Diseases & Conditions
Rheumatoid arthritis (RA) is one type of inflammatory arthritis. It is a chronic disease that can cause pain and stiffness in multiple joints throughout the body. It can affect any joint, but most often starts in the small joints of the hands and feet. In many cases, rheumatoid arthritis will affect joints on both sides of the body — both knees or both hands, for example.
According to the Centers for Disease Control and Prevention, approximately 1.5 million adults in the U.S. are living with rheumatoid arthritis, and 71 out of 100,000 people are diagnosed with RA every year.
Women are 2 to 3 times more likely to get RA than men. And although symptoms most commonly develop between the ages of 30 and 60, younger people can also be affected.

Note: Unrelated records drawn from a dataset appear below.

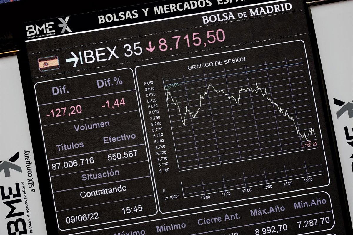 Un panel del Ibex 35, en el Palacio de la Bolsa, a 9 de junio de 2022, en Madrid (España). - Eduardo Parra - Europa Press
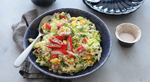 Заправити салат майонезом або грецьким йогуртом, перемішати. За смаком салат підсолити та додати кропу.
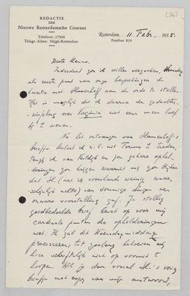 Na het ontvangen van Slauerhoffs briefje besloot ik n.l. uit Forum te treden, tenzij ik van Vestdijk en jou zekere ophelderingen zou krijgen waaruit mij zou blijken dat Slauerhoff (wat ik voorhands weinig waarschijnlijk achtte) van sommige dingen een onware voorstelling gaf. Je stellig goedbedoelde brief bevat op voor mij cardinale punten die ophelderingen niet. Ik zal dit woensdagmiddag preciseeren, tot zoolang behoeven wij hier schriftelijk niet op vooruit te loopen. Wil je dan vooral Slauerhoffs vorig briefje met copy van mijn antwoord, dat ik verzocht na circulatie spoedig retour te zenden maar nog niet terug mocht ontvangen, meenemen?
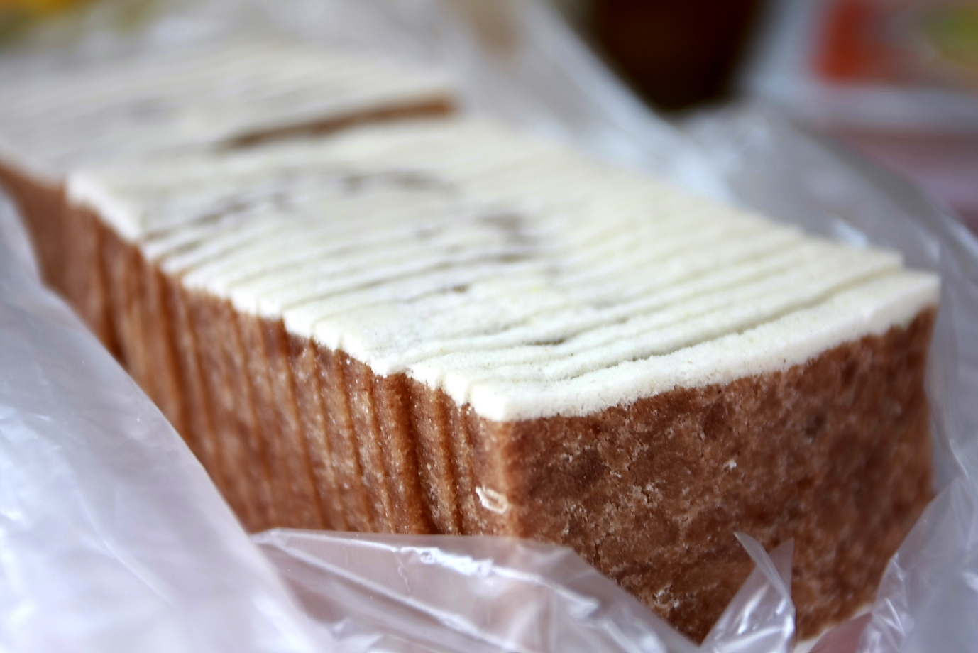 现今的芡实糕由芡实和糯米膨化粉精制而成,比原来八珍糕口感更细腻、有嚼劲。最受欢迎的是桂花芡实糕,带有一股桂花清香味,还有花粉蜂蜜芡实糕也很特别,软糯清甜,好吃不腻口。

Children and adolescents with similar symptoms are often diagnosed with juvenile arthritis, which is also an autoimmune disease. There are several types of juvenile arthritis; however, nearly all of them are different from rheumatoid arthritis in adults. This is why the term "juvenile rheumatoid arthritis (JRA)" is no longer widely used and is known as juvenile idiopathic arthritis (JIA) instead.

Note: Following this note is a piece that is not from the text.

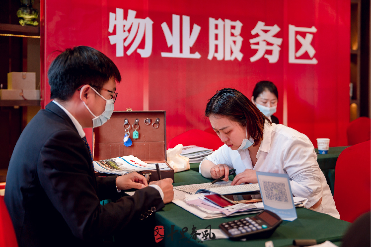 交付现场工作人员有条不紊地办理手续、验房,交付现场秩序井然。

Over time, untreated rheumatoid arthritis causes joint damage and may result in serious disability. Fortunately, new medications now frequently prevent the progression of joint damage. The severe joint deformity often associated with RA — such as bent, crooked fingers and knuckles — is becoming uncommon due to these advances in treatment.
Although there is no cure for RA, early diagnosis and proper treatment can usually prevent joint destruction and other complications.
For joints that are severely affected by rheumatoid arthritis despite medical management, there are orthopaedic procedures that can greatly improve function, mobility, and overall quality of life.
A joint is where the ends of two or more bones meet. There are different types of joints in the body — the most common type is a synovial joint. These types of joints — such as the knee, hip, and shoulder — are structured to make movement possible.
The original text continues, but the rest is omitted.